本発明は、生体の皮膚組織に残留した光感受性物質量を計測する皮膚残留薬剤計測装置及び皮膚残留薬剤計測方法に関する。
光線力学的治療(Photodynamic Therapy:PDT、光化学治療ともいう)は、癌治療や頻脈性不整脈の治療等に用いられている。
癌の光線力学的治療では、光感受性物質を静脈注射等により投与し、癌組織に選択的に吸収・集積させた後、レーザ光等の光線を照射することにより癌組織を治療する。
つまり、癌組織に取り込まれた光感受性物質を光線照射により励起すると、励起された光感受性物質のエネルギーは、癌組織内に存在する酸素に移乗して、一重項酸素を生成し、この一重項酸素がその強力な酸化力により組織病変部の細胞を壊死させる。
癌の光線力学的治療は、光感受性物質が組織病変部へ選択的に集積する性質と、光により増感される性質を、利用したものである。
光増感反応を用いた治療における最大の副作用は光線過敏症であり、細胞外光増感反応を利用した頻脈性不整脈に対する光線力学アブレーションにおいても光感受性薬剤タラポルフィンナトリウムを投与するため、光線過敏症発症の可能性は避けられない。
現在、タラポルフィンナトリウムを用いた早期肺癌および原発性悪性脳腫瘍に対する光線力学的治療においては光線過敏症発症回避のために設定されている2週間の遮光期間および発症リスク判断方法は薬剤代謝の最も遅い例に対して定められたものであり、不要な遮光入院を強いられる場合や、遮光入院期間の設定が医師の判断によって管理されているといった課題が残る。

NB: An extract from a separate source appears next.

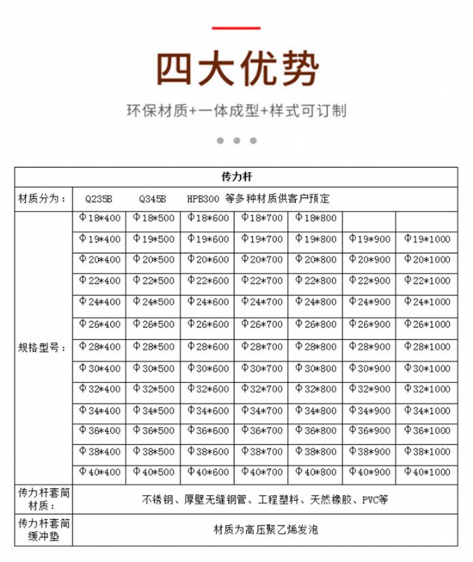 筋。其一端固定在一侧板内,另一端可以在邻侧板内滑动,其作用是在两块路面板之间传递行车荷载和防止错台,增加相邻混凝土块之间的应力传递以防止混凝土路面局部受力较大造成混凝土路面不均匀沉降,传递应力使相邻混凝土块共同受力。

一方で、頻脈性不整脈に対するカテーテルアブレーション治療においては、入院期間はおよそ3〜5日である。タラポルフィンナトリウムを用いた光線力学アブレーションによる頻脈性不整脈治療においても、通常のアブレーション治療と同等あるいはそれ以下の入院期間であることが望ましい。
タラポルフィンナトリウムの代謝速度は患者によって大きく異なることから、薬剤代謝が速く早期に光線過敏症発症のリスクがなくなる患者群に不要な遮光入院を強いる必要はなく、代謝の速い患者に対しては医師判断に基づいて早期退院を指示することで入院期間を短縮できる可能性がある。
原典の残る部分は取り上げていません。